Council discussion before the vote returned repeatedly to trust and enforceability. Mayor Mary McFarland and several council members said the city’s legal team had obtained detailed technical commitments but that a number of council members remained unconvinced Republic would carry them out or that the measures were sufficiently durable or public‑facing. A motion to deny the settlement passed on a roll call vote; the clerk recorded unanimous support for the motion to reject the settlement.

Separately, earlier in the meeting the council unanimously adopted Resolution 25 R 25 opposing expansion of Middle Point Landfill and expressing support for the so‑called Jackson Law, a Tennessee statute that allows local governments that have opted into it to approve or reject landfill siting or expansions within one mile of city limits. The resolution states the council’s position that expansion would be detrimental to the environment, public health and the local economy.

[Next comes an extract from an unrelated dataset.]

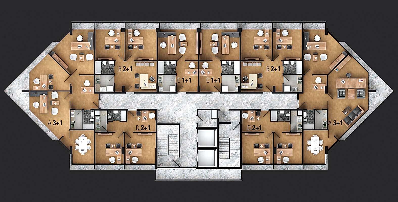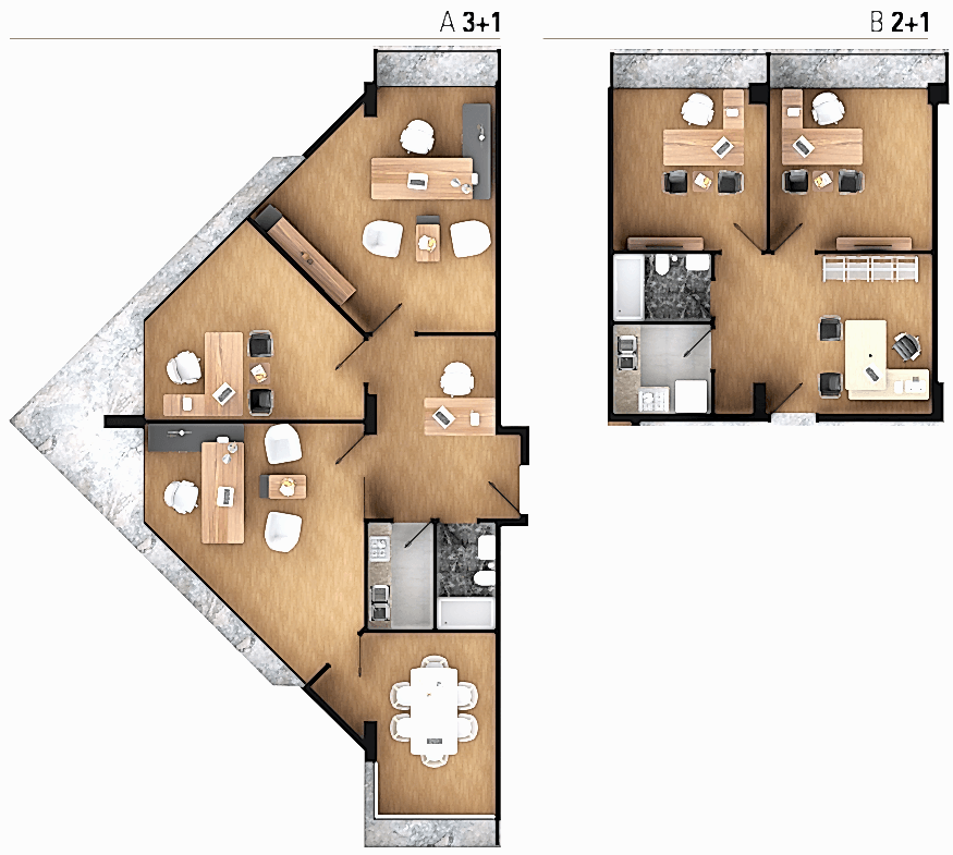 Değer yaratmaya çalışan ve zamanı değerli olan iş sahipleri için tasarlanan Panora Plaza ofisleri 40 m2 ile 540 m2 arasında değişen büyüklüklerde 1+1, 2+1, 3+1 olarak projelendirilmiştir.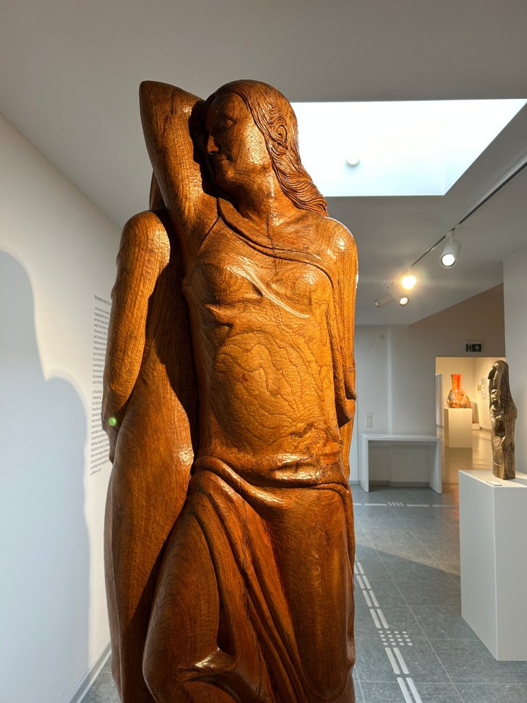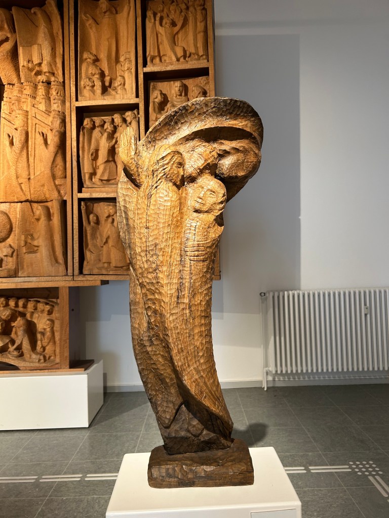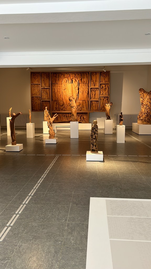 Als ich von der Rückreise aus Grömitz einen Halt in Bad Segeberg einlegte, hatte ich Glück, schließlich fand im ehemaligen Wohnhaus des Künstlers und des Ehepaars Burmesters gerade eine Finissage zu einer Ausstellung von Holzskulpturen von Hans-Ulrich Kittelmann statt. Dies wiederum führte, neben den Genuss der Ausstellung, zu weiteren interessanten Begegnungen. Ein Herr spielte die Maultrommel und ein anderer erzählte von der Freude, die ihm die Digitalisierung der Zeichnungen von Otto Flath bereitet hat und so war es insgesamt ein zauberhaft und inspirierender Nachmittag, den ich in Bad Segeberg erleben durfte.

The council recorded that the settlement’s provisions do not limit the city’s ability to oppose future expansion proposals, including proposed resumption of filling over certain areas or a major expansion onto adjacent closed landfill property in Rutherford County. But speakers and several council members said they want clearer, longer funding and direct public oversight mechanisms before supporting any negotiated agreement.

The council did not adopt specific additional terms requested by some speakers — such as an explicit company apology, a binding promise to abandon all expansion plans, or an open‑ended long‑term sampling fund — and several council members said those items were not agreed to during mediation.

The immediate outcome leaves the federal lawsuit unresolved; the city may continue litigation or pursue further negotiations. Council members said they will continue to monitor regulatory and enforcement actions by EPA and TDEC and seek ways to strengthen local oversight and funding for testing and remediation.